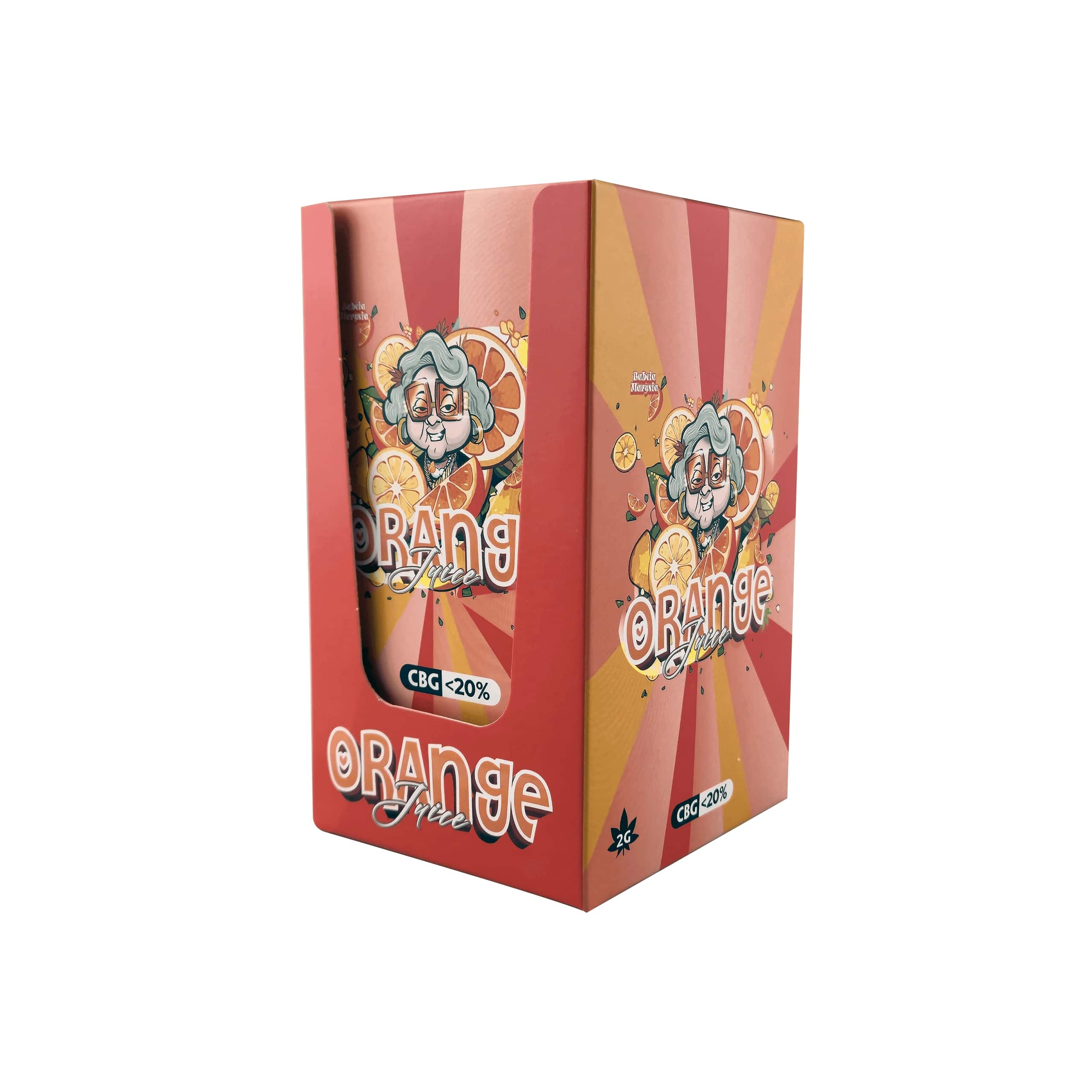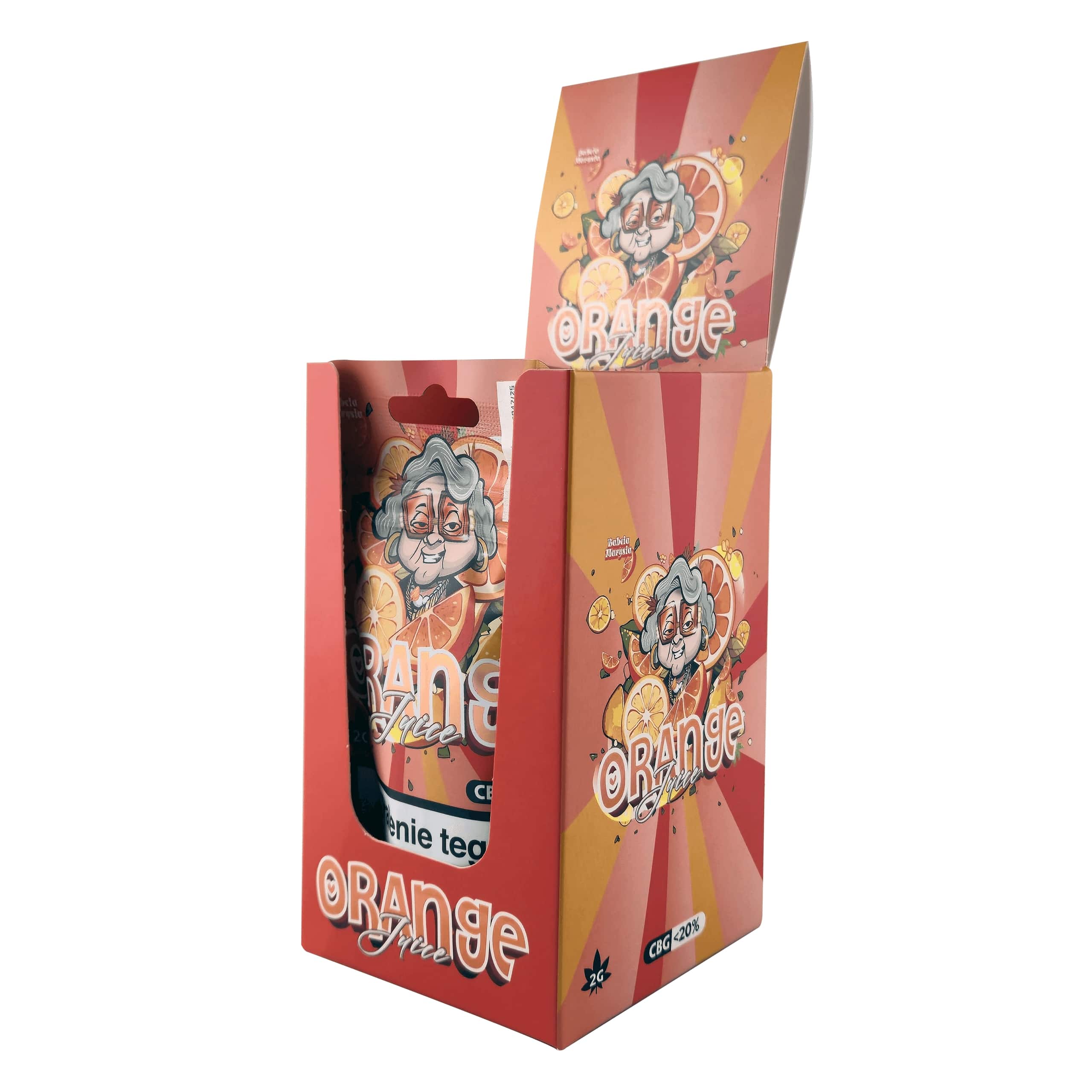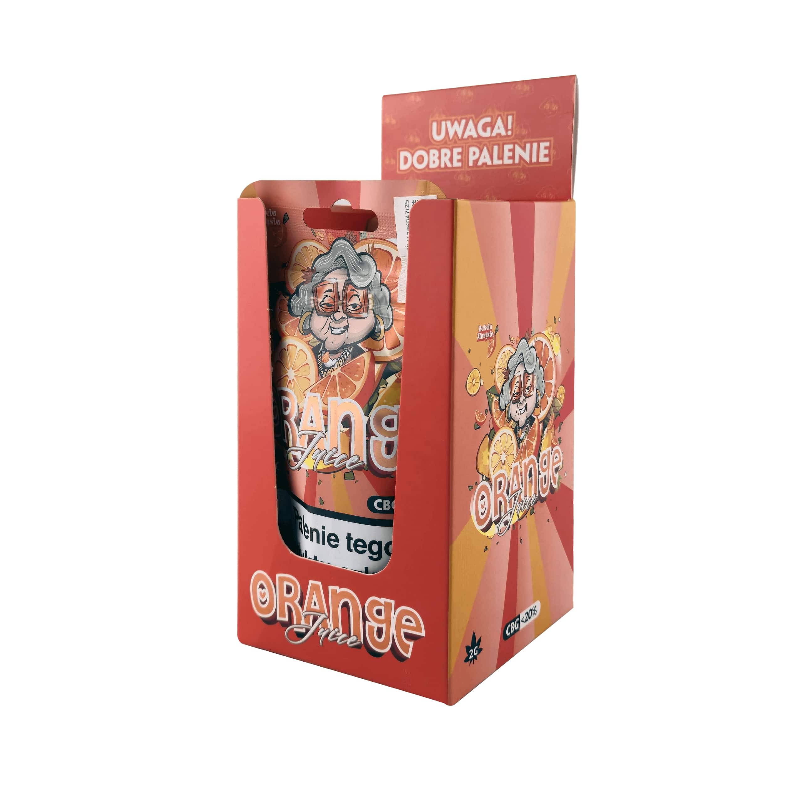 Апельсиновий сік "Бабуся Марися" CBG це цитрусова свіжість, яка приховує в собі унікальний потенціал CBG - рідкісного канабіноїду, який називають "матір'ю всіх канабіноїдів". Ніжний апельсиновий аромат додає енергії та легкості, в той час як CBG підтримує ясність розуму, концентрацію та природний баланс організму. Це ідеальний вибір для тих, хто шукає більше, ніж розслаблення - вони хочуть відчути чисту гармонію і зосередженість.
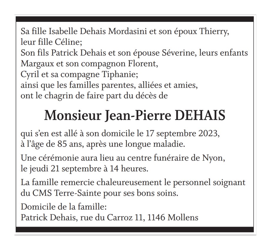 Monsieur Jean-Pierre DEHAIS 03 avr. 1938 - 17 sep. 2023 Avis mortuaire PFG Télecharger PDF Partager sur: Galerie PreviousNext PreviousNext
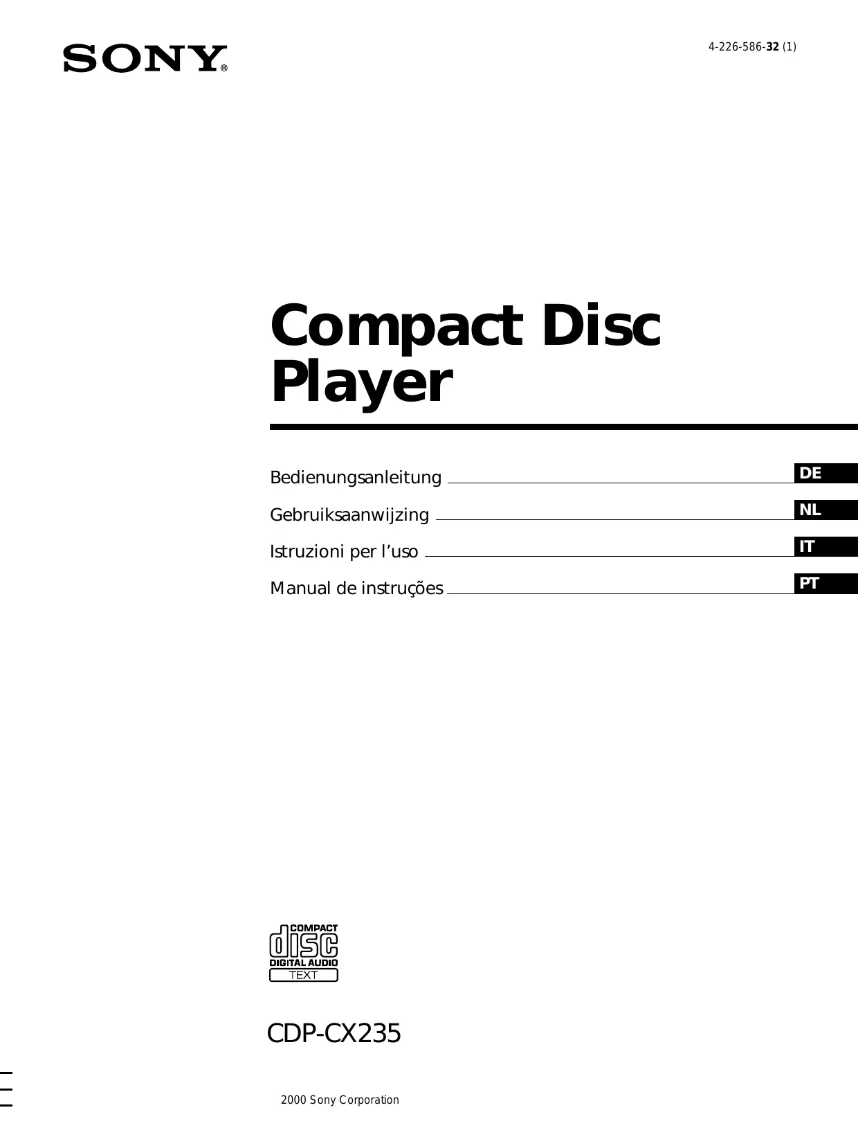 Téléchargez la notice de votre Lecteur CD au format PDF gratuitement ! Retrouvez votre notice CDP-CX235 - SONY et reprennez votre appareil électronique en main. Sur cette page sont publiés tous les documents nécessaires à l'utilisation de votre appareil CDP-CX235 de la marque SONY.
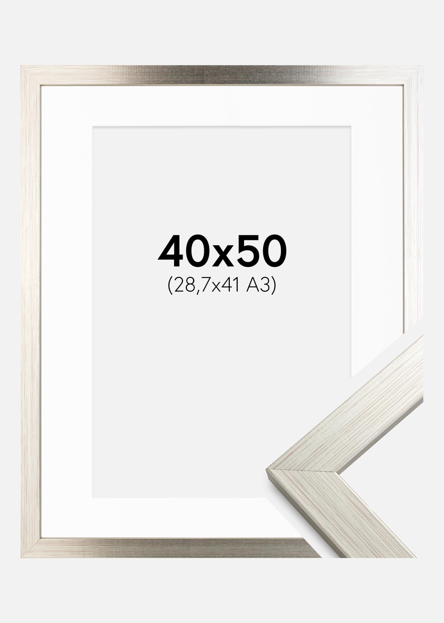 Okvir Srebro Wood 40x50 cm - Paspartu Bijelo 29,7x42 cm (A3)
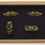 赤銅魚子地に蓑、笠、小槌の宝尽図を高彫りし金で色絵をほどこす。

### What is needed
Print each record exactly as it stands, skipping the pictures.

### Written answer
 Апельсиновий сік "Бабуся Марися" CBG це цитрусова свіжість, яка приховує в собі унікальний потенціал CBG - рідкісного канабіноїду, який називають "матір'ю всіх канабіноїдів". Ніжний апельсиновий аромат додає енергії та легкості, в той час як CBG підтримує ясність розуму, концентрацію та природний баланс організму. Це ідеальний вибір для тих, хто шукає більше, ніж розслаблення - вони хочуть відчути чисту гармонію і зосередженість.
 Monsieur Jean-Pierre DEHAIS 03 avr. 1938 - 17 sep. 2023 Avis mortuaire PFG Télecharger PDF Partager sur: Galerie PreviousNext PreviousNext
 Téléchargez la notice de votre Lecteur CD au format PDF gratuitement ! Retrouvez votre notice CDP-CX235 - SONY et reprennez votre appareil électronique en main. Sur cette page sont publiés tous les documents nécessaires à l'utilisation de votre appareil CDP-CX235 de la marque SONY.
 Okvir Srebro Wood 40x50 cm - Paspartu Bijelo 29,7x42 cm (A3)
 赤銅魚子地に蓑、笠、小槌の宝尽図を高彫りし金で色絵をほどこす。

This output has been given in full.